AP FACT CHECK: Trump nearly alone in Russia meddling doubts
By CALVIN WOODWARD, Associated Press
Jul 16, 2018 1:21 PM CDT
Russian President Vladimir Putin speaks during a press conference after the meeting of U.S. President Donald Trump and Russian President Vladimir Putin at the Presidential Palace in Helsinki, Finland, Monday, July 16, 2018. (AP Photo/Alexander Zemlianichenko)   (Associated Press)

WASHINGTON (AP) — President Donald Trump said Monday he sees no reason why Russia would have interfered in the 2016 election. Minutes earlier, on the same platform, Russian President Vladimir Putin offered a reason, even while denying Moscow ever meddled: He wanted Trump to win.

A look at a sampling of their statements Monday:

TRUMP on his intelligence officials: "They said they think it's Russia. I have President Putin. He just said it's not Russia. I will say this — I don't see any reason why it would be."

THE FACTS: Trump is a nearly solitary figure in his administration in holding on to doubts about whether Russians tried to sway the election. Trump's top national security officials, Democrats and most Republicans in Congress say U.S. intelligence agencies got it right in finding that Russians secretly tried to sway the election. The special counsel's continuing Russia investigation has laid out a detailed trail of attempts and successes by Russians to steal Democratic Party and Hillary Clinton campaign communications and to leak embarrassing emails and documents.

What is less established is the extent to which the Russian government, not just Russian citizens with varying ties to Moscow, became involved in this effort.

Special counsel Robert Mueller shed light on that question last week with an indictment against 12 Russian military intelligence officers, alleging a sweeping conspiracy to interfere in the election.

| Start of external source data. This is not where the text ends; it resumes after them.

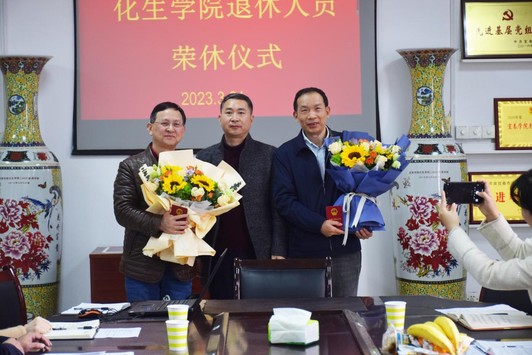 (学生通讯员 胡润苗)3月21日下午,我院为陈三宝、黄皓两位退休教授举行了荣休仪式。校党委委员、副校长严青松、离退休人员工作处处长周卫平、人事处副处长王俊峰、校工会副主席姜敏出席,院长郭孟萍、院党委书记黄良辉、院党委副书记陶华蕾和相关教研室教师代表参加了荣休仪式。荣休仪式由黄良辉主持。
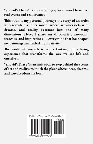 "Snovid's Diary" is an autobiographical novel based on real events and real dreams. This book is my personal journey: the story of an artist who reveals his inner world, where art intersects with dreams, and reality becomes just one of many dimensions. Here, I share my discoveries, emotions, searches, and inspirations - everything that has shaped my paintings and fueled my creativity. The world of Snovids is not a fantasy, but a living experience that transforms the way we see life and ourselves. "Snovid's Diary" is an invitation to step behind the scenes of art and reality, to touch the place where ideas, dreams, and true freedom are born.
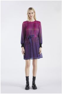 Vestido de corte romántico confeccionado en fil coupé estampado con parte delantera plisada. Cinturón en la cintura que modela todo en las curvas y mangas fruncidas.
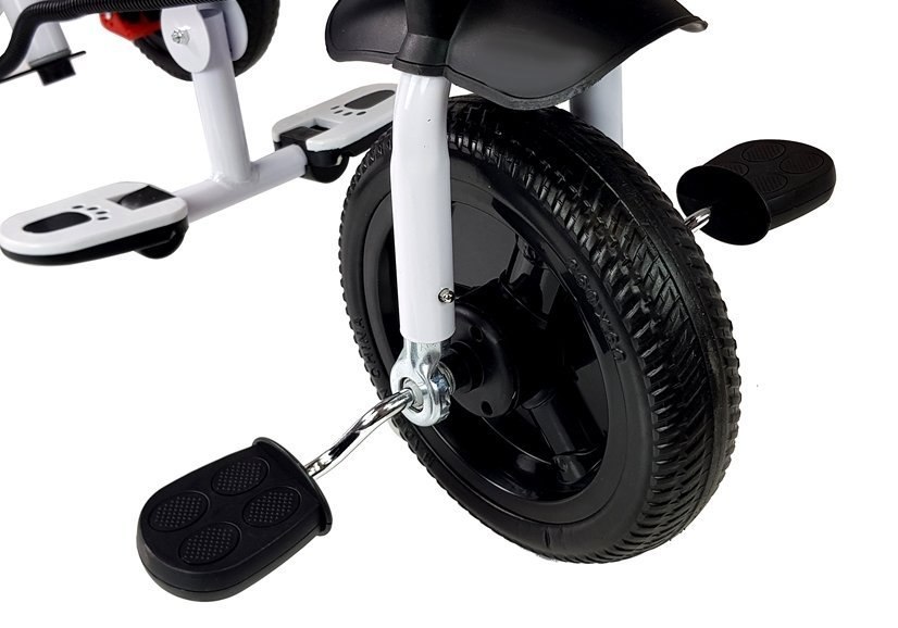 W konstrukcji rowerka znajduje się pojemny kosz na zakupy lub skarby dziecka, umieszczony pomiędzy tylnymi kołami, a także mała saszetka na suwak znajdująca się na prowadnicy dla rodziców — detale te ułatwiają całodniowe przejażdżki i wycieczki. Dzięki miękkiej piankowej barierce Twoje dziecko będzie w pełni bezpieczne podczas spacerów i nie wypadnie z siodełka. Dodatkowo jest możliwość obrotu siedziska dziecka w swoja stronę i czuwania nad jego bezpieczeństwem. Na kierownicy znajduje się również dzwonek trąbka, którym Twoje dziecko śmiało będzie mogło komunikować innym o tym, że jedzie. Trójkołowy rowerek dla dzieci przeznaczony jest dla wszystkich maluszków od 6 do 60 miesiąca życia, których waga nie przekracza 25 kg. Wykonano go z trwałego i odpornego tworzywa, które gwarantuje długą żywotność i komfort użytkowania. Rowerek posiada miękkie koła EVA. Trójkołowiec dla dzieci zapakowany jest w oryginalny karton, wewnątrz którego znajdują się śrubki, narzędzia i instrukcja ułatwiająca samodzielny montaż.
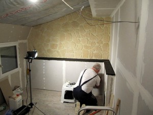 Als wir früher mal solche Naturstein-Imitate für Wände in Baumärkten gesehen haben, fanden wir die ja eher albern. Aber nachdem wir uns das dann genauer angesehen hatten, haben wir uns entschlossen, die Wand über dem Podest hinter dem Bett auch mit solchen Naturstein-Imitaten zu verkleiden. Also im Klartext: Wir haben die Natursteinwand mit Gipskartonplatten verkleidet und auf die Gipskartonplatten Natursteinimitate geklebt :m-lol:. Aber die Natursteinwand an sich hätten wir nur erhalten können, indem wir die Außenwand gedämmt hätten – und den Aufwand wollten wir uns nicht antun. Und so, wie es jetzt ist, sieht es sehr schön aus.
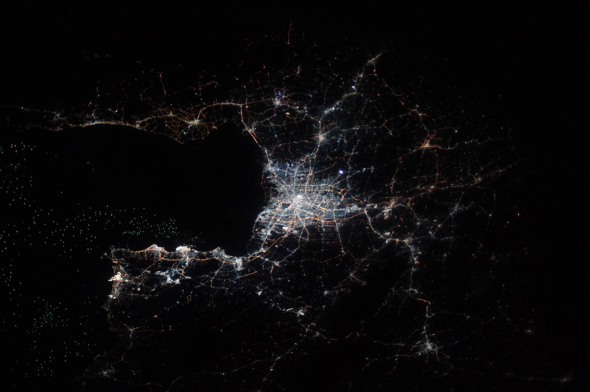 [:ja]ジェシカ・メイヤー宇宙飛行士がISSから撮影した夜のタイの首都バンコクとイカ釣り漁の灯りです。バンコクは都市圏人口は1500万人を超える世界有数の大都市です。
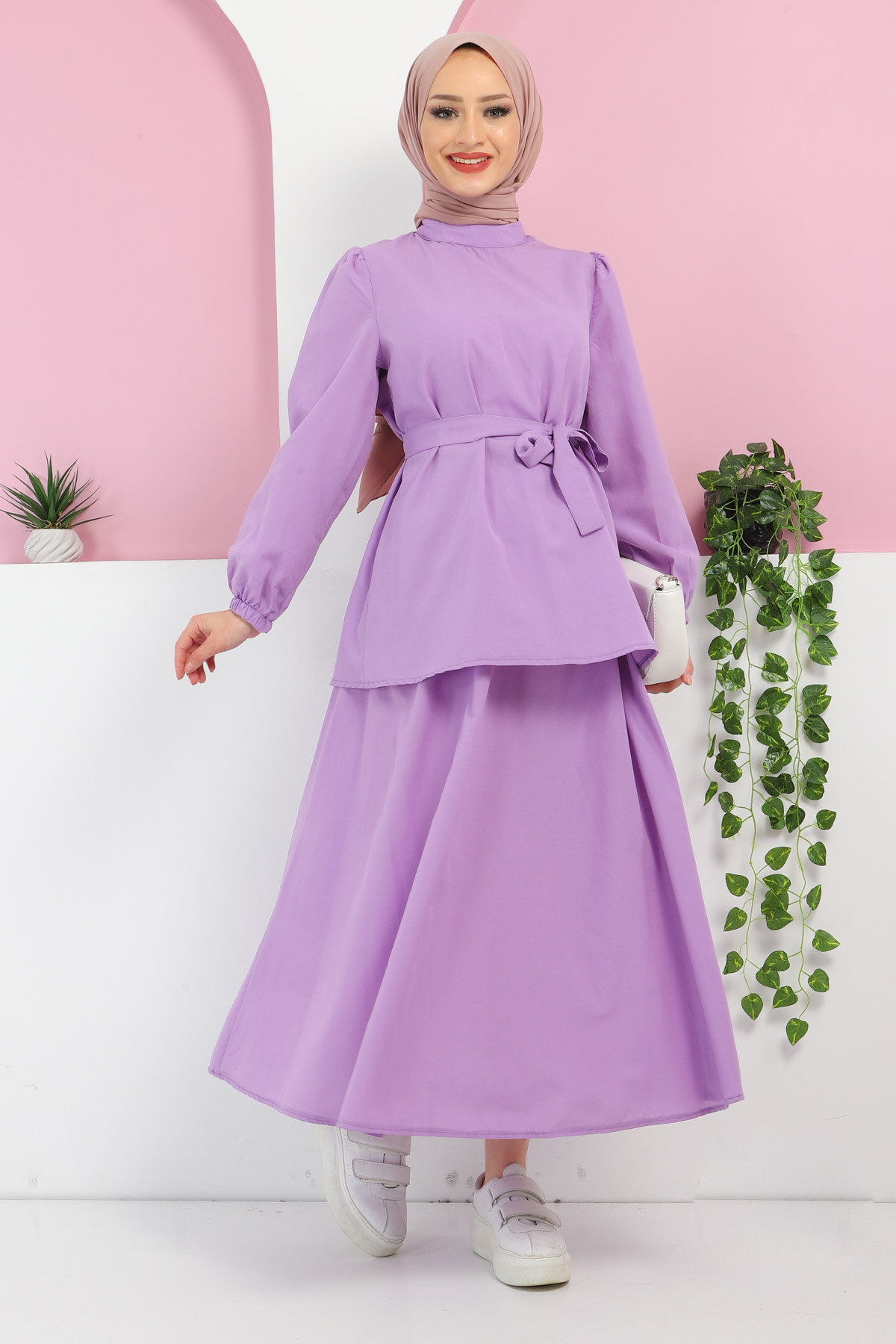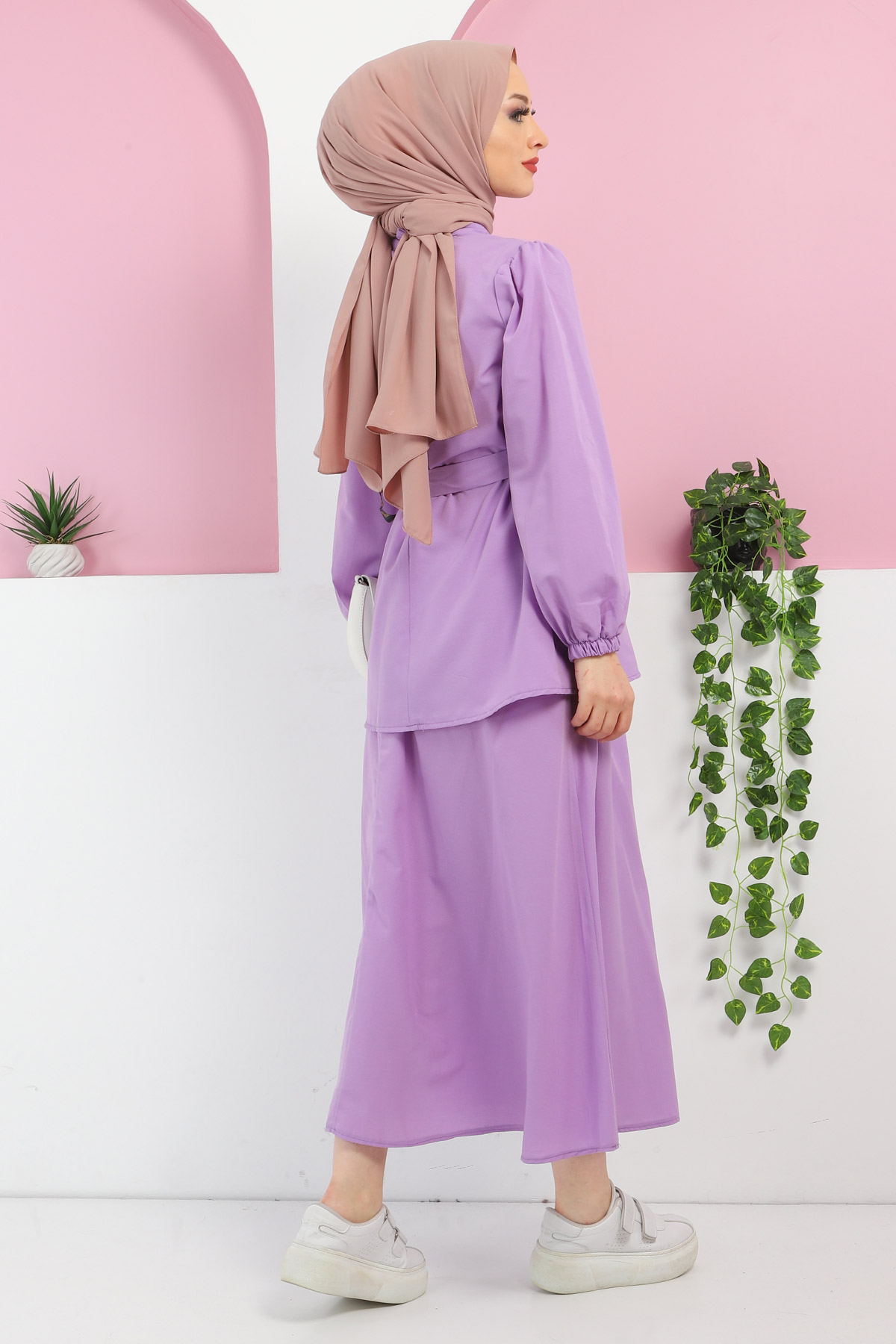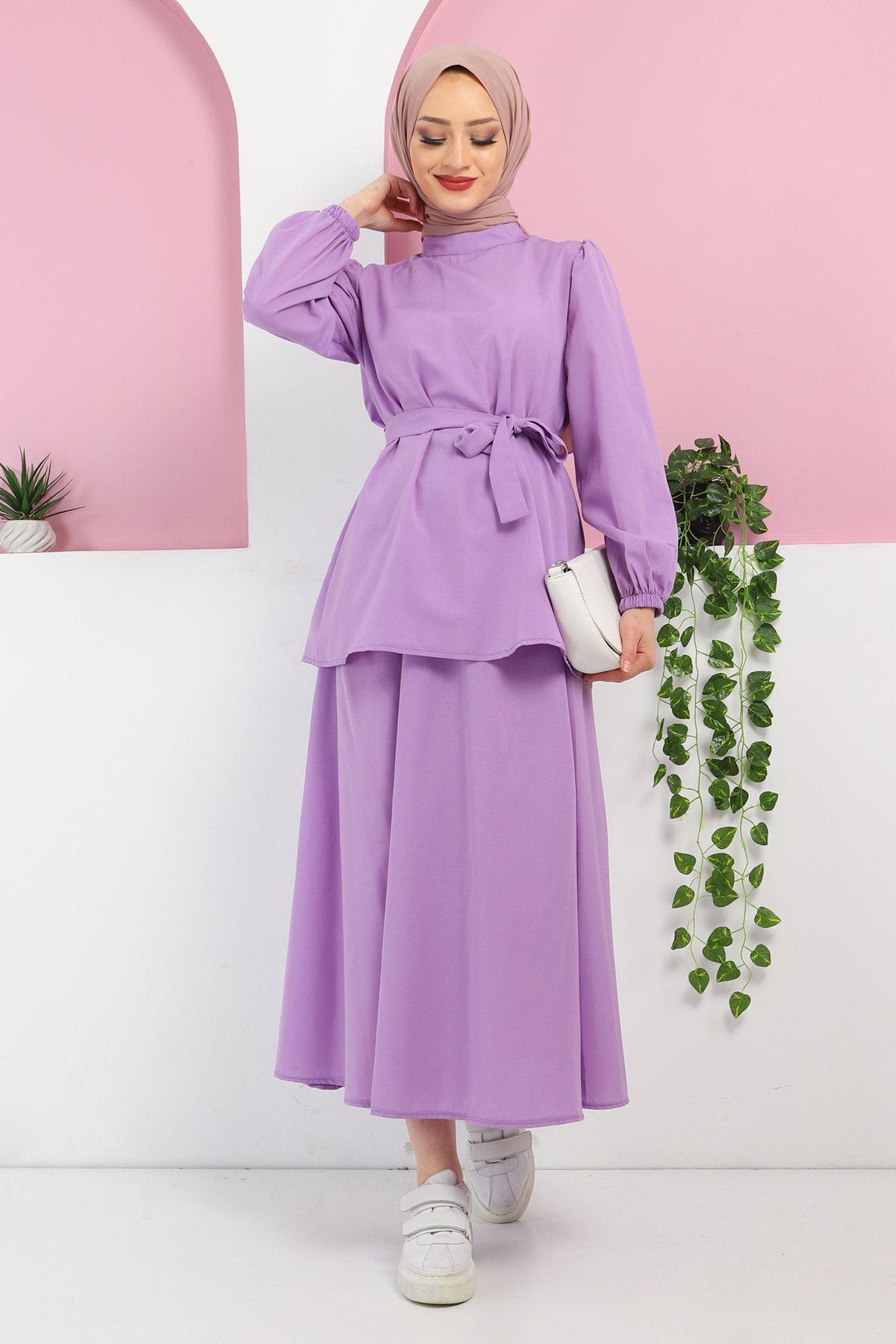 Beli Kuşaklı Etekli Takım TSD220410 Lila Özellikleri

The charges were the first to tie such alleged criminal behavior directly to the Kremlin.

Before that, Mueller brought charges against 13 Russians and three companies accused in a social media campaign to sway U.S. public opinion in 2016.

Putin denied anew that the Russian government interfered, regardless of what nongovernmental Russian actors might have done. But he was open about how he wanted the election to turn out. "Yes, I wanted him to win because he spoke of normalization of Russian-U.S. ties," he said at the news conference, acknowledging a preference that is widely suspected in Washington.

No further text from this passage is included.